22nd Mayor of New Plymouth
- In office 1992–2001
- Preceded by: David Lean
- Succeeded by: Peter Tennent

Personal details
- Born: Claire Lois Campbell 17 June 1941
- Died: 29 March 2020 (aged 78) Tewantin, Queensland, Australia
- Spouse: JJ Stewart ​ ​(m. 1961; died 2002)​
- Children: 5

= Claire Stewart (politician) =

New Zealand politician (1941–2020)

Claire Lois Stewart (17 June 1941 – 29 March 2020) was a New Zealand politician who served as mayor of New Plymouth from 1992 until 2001. She was the first woman to hold this position.

==Biography==
Stewart was born on 17 June 1941. In 1961 she married JJ Stewart, a high school teacher and rugby coach eighteen years her senior and a drinking mate of her father.
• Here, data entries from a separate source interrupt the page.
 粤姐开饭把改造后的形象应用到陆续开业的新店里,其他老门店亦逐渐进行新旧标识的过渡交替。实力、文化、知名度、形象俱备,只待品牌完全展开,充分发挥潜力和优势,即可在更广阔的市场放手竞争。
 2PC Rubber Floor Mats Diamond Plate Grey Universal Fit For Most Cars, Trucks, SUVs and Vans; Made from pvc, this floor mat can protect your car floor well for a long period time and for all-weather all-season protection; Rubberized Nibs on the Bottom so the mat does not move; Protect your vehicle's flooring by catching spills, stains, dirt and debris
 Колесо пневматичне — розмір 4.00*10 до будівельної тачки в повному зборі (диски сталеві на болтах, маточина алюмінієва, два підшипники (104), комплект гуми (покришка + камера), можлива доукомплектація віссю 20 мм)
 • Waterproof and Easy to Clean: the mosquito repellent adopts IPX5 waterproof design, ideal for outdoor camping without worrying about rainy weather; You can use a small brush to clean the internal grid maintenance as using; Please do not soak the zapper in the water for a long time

By the time she was 28, they had five children together.

Stewart was elected to the New Plymouth District Council in 1989. She also served on the Taranaki Regional Council and the Taranaki District Health Board. In 1992, she was elected mayor. During her time in office she extended the New Plymouth Coastal Walkway, built a domestic violence shelter, and began the process of building Puke Ariki. In 2000, she was considered a frontrunner to be elected president of Local Government New Zealand, but the position was ultimately filled by Basil Morrison, the mayor of Hauraki. She retired in 2001 to look after her husband who was ill. He died the next year.
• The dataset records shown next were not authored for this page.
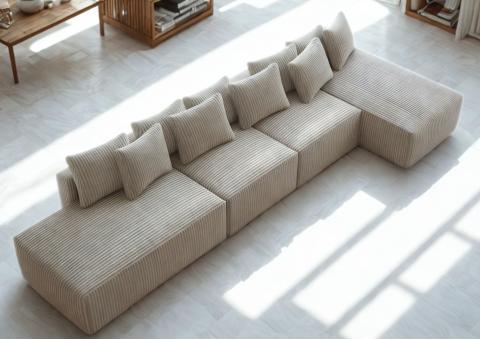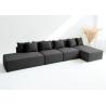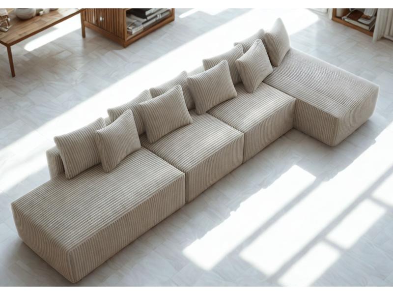 Dane techniczne: Prawy Stylowy Narożnik Sugoi w Stylu Loft - 373cm, Czarny welur, 9 Poduszek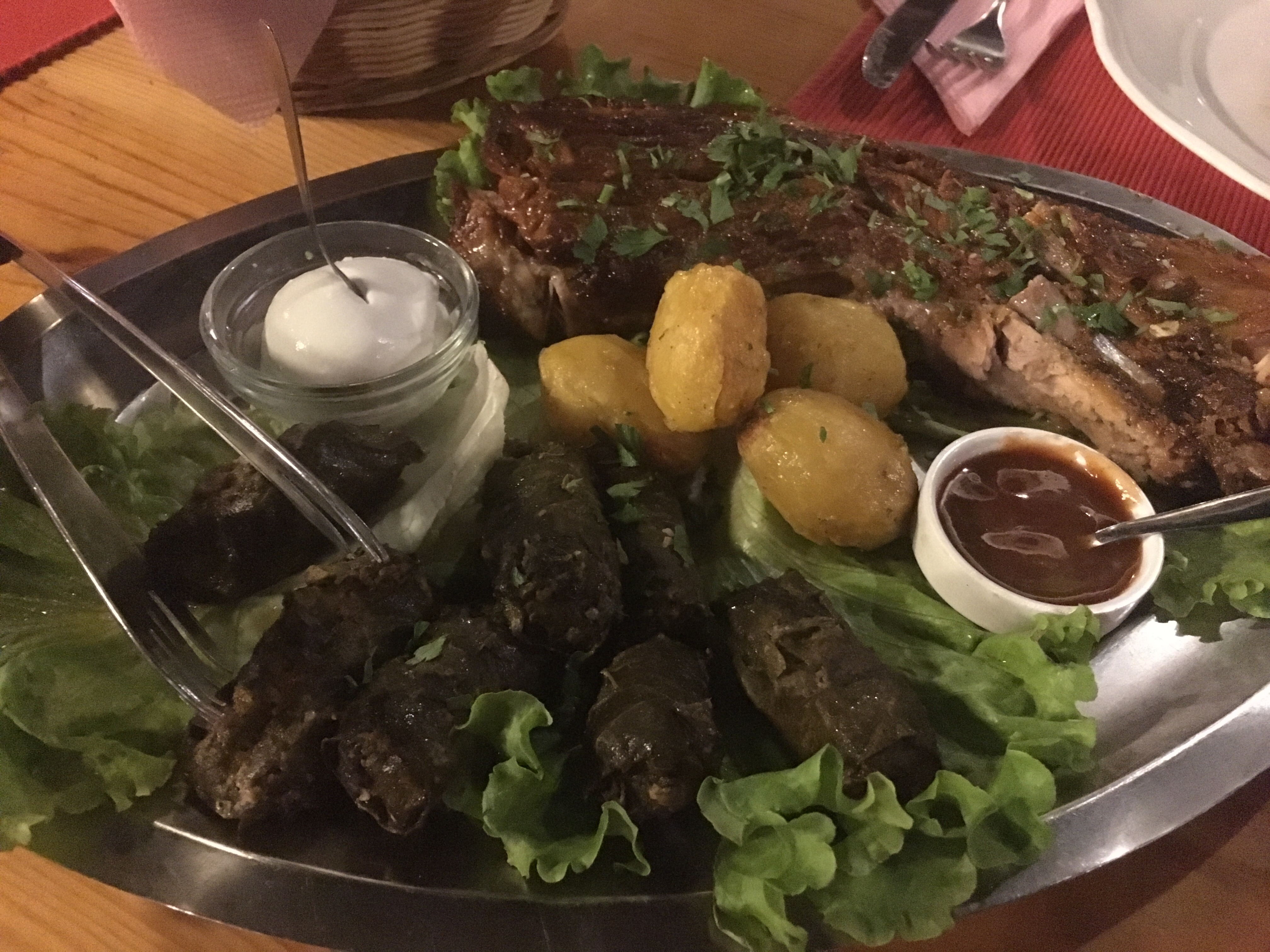Stuffed grape leaves and roasted pork ribs with potatoes. We did t love either of these dishes. They were served warm-ish which didn’t help. Honestly though, I think the biggest problem was the huge, delicious salad we ate first. We just weren’t that hungry by the time the mains arrived.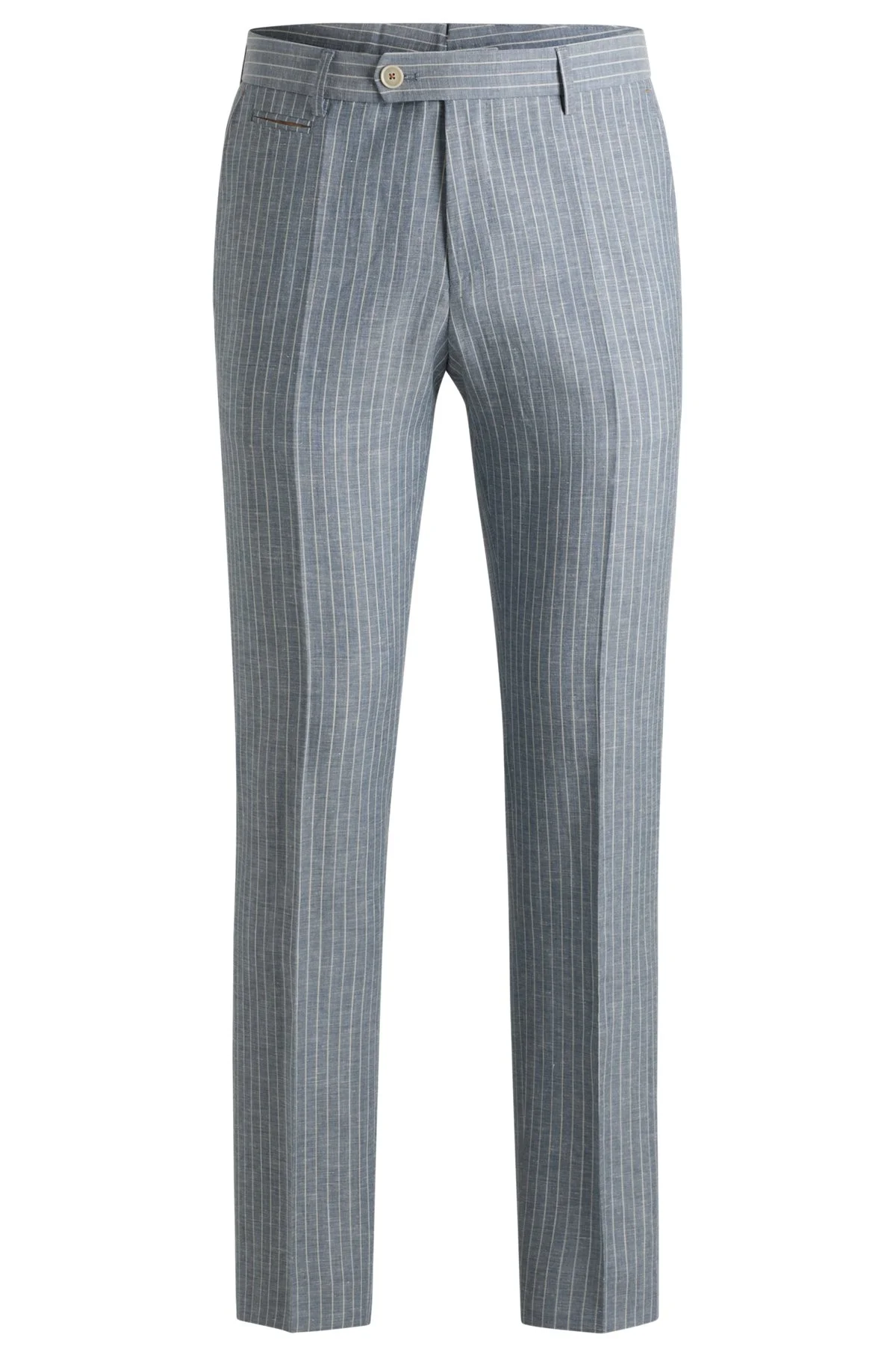 SIZE AND FIT The model wears a size 32R and is 6'2" tall with a, 35" chest, 29" waist and 35" hips. DETAILS L-Gee-Detail-243 - 50539449 With a subtle summery stripe for versatile styling, these BOSS Menswear trousers are crafted in a breathable wool-linen blend. Tailored to a defined fit. Slim fit QUALITY & CARE INSTRUCTIONS Do Not Tumble Dry Quality: 53% Virgin wool, 47% Linen, Trouser: 100% Cotton, pocketing: 100% Cotton, knee lining: 100% Viscose Do Not Bleach Iron Medium Heat Reduced Dry Clean Do Not Wash

In the 2002 New Year Honours, Stewart was appointed a Companion of the Queen's Service Order for public services. In 2010, she moved to the Shire of Noosa in Australia to be closer to family. Stewart died at her nursing home in Tewantin on 29 March 2020 after a long illness, one day after her daughter-in-law, also named Clare Stewart, was elected mayor of Noosa. After two years of delay due to the COVID-19 pandemic, a memorial service for Stewart was held in New Plymouth on 17 June 2022.